But how do you know when you can do that? Particularly with the slower convergence issue, and the potential presence of confounding factors like #2?


So Ben, looks like it's time to cross swords again :)

1. Real world performance varies over time...

I don't really understand this complaint. With A/B testing, you have to collect enough data before making a decision that the conversion rate fluctuations average out. If you're worried about monthly fluctuations (which is reasonable), and you're doing A/B testing, you need to collect data for a few months. This means months where you aren't optimising. With a bandit algorithm conversion rate fluctuations will cause changes in the bandit behaviour, but they will average out over time just like A/B testing. We can prove this, so I don't know what justification there is for the statement that it is "a big issue for this approach". Indeed I think this points out a weakness of A/B approaches. Firstly, it's arguable that tracking fluctuations in conversion rate is a good thing. They may be temporary, but why shouldn't the algorithm react to temporary changes? Secondly, unlike A/B testing you're not spending months collecting data -- you're actually optimising while you collect data. Finally, what site can afford to spend months not changing, while data is collected?

2. (This is really a special case of #1 - but a very, very important special case...

I see two issues here: 1) the fact the traffic has changed and 2) how long does it take the system to recognise this change?

Addressing 1: Getting technical for a moment, A/B tests assume the distribution generating the data is stationary.
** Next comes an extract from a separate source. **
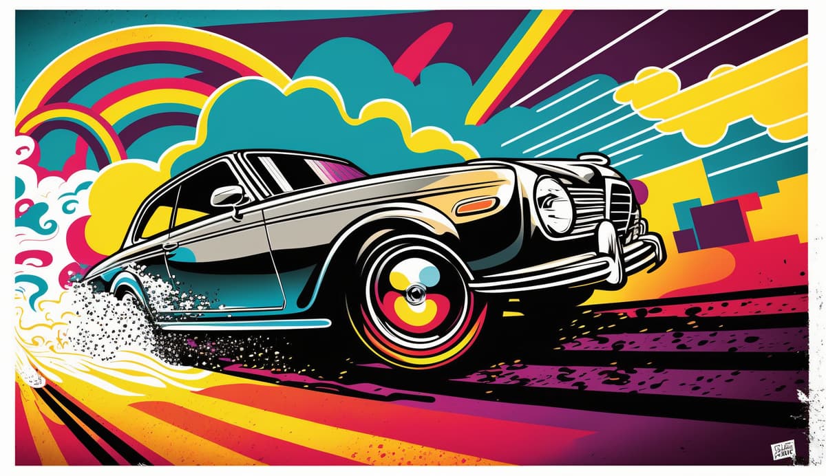 An energetic and vibrant image featuring a BENZ car depicted in a comic book style. The illustration portrays the sleek and stylish design of the car with exaggerated lines, bold colors, and dynamic angles. The composition captures the sense of speed and excitement, as if the car is bursting out of the comic page. Whimsical sound effects and speech bubbles add to the playful and lively atmosphere. Artwork, digital illustration, bold colors and thick outlines, --ar 16:9 --v 4 --s 250

This situation violates this assumption, so one shouldn't be using A/B testing here. I'd like to know what is meant by a properly constructed A/B test in this case. Does it mean throwing out all the data before the significant improvement? If you say that a non-stationary distribution is fine, then you can develop a bandit algorithms for non-stationary situations (e.g. http://arxiv.org/abs/0805.3415). Myna handles non-stationary situations, so long as they change quite slowly.
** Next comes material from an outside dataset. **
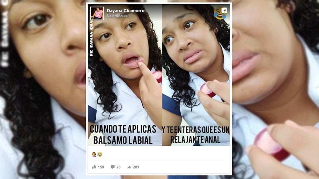 Hauska video, jossa kolumbialainen tyttö kertoo laittaneensa huuliinsa hiukan härskimpään tarkoitukseen hankittua voidetta, on kerännyt jo miljoonia katselukertoja Facebookissa.

Point 2 is really about convergence rates. There is some work here (http://imagine.enpc.fr/~audibert/Mes%20articles/ALT11.pdf) and the upshot is that convergence rate can be a problem in theory though you can design for it. Notably we haven't observed this issue in practice.

3. Code over time gets messy...

This is a non-issue in my experience. At some point you decide that an experiment is no longer worthwhile. Either you're redesigning things so it doesn't make sense anymore, or the experiment has been running long enough that you are confident of no more changes. When you hit this point you remove the code. It can be a year or a hour after starting the experiment. Either way, you know with a bandit algorithm you will have optimised what traffic you did receive.

4. Businesses are complex, and often have multiple measures they would like to balance...

The glib answer to this is to set your reward criteria correctly, but more below.

5. Many tests perform differently on existing users and new users...

Both of these are really about performing extra analysis on the data. Myna doesn't help here, and we could make it better in this regard by, for example, exporting data. Some of this extra analysis, such as cohort analysis, we can and will automate in the future. There will always be analyses that we can't or don't perform, so there will always be jobs for people who perform these analyses :-) On the other hand, bandit algorithms are used enough in practice (e.g. Google uses them for AdWords) that their utility has been validated. It's a trade-off between time and return. We want to automate the common cases so the analysts can concentrate on the interesting parts.


Do you attempt to control for seasonal effects at all in your models? I'm wondering if allowing for a dependence on day-of-week, time-of-day and other relevant covariates, has any benefits over tracking fluctuations in a generic way?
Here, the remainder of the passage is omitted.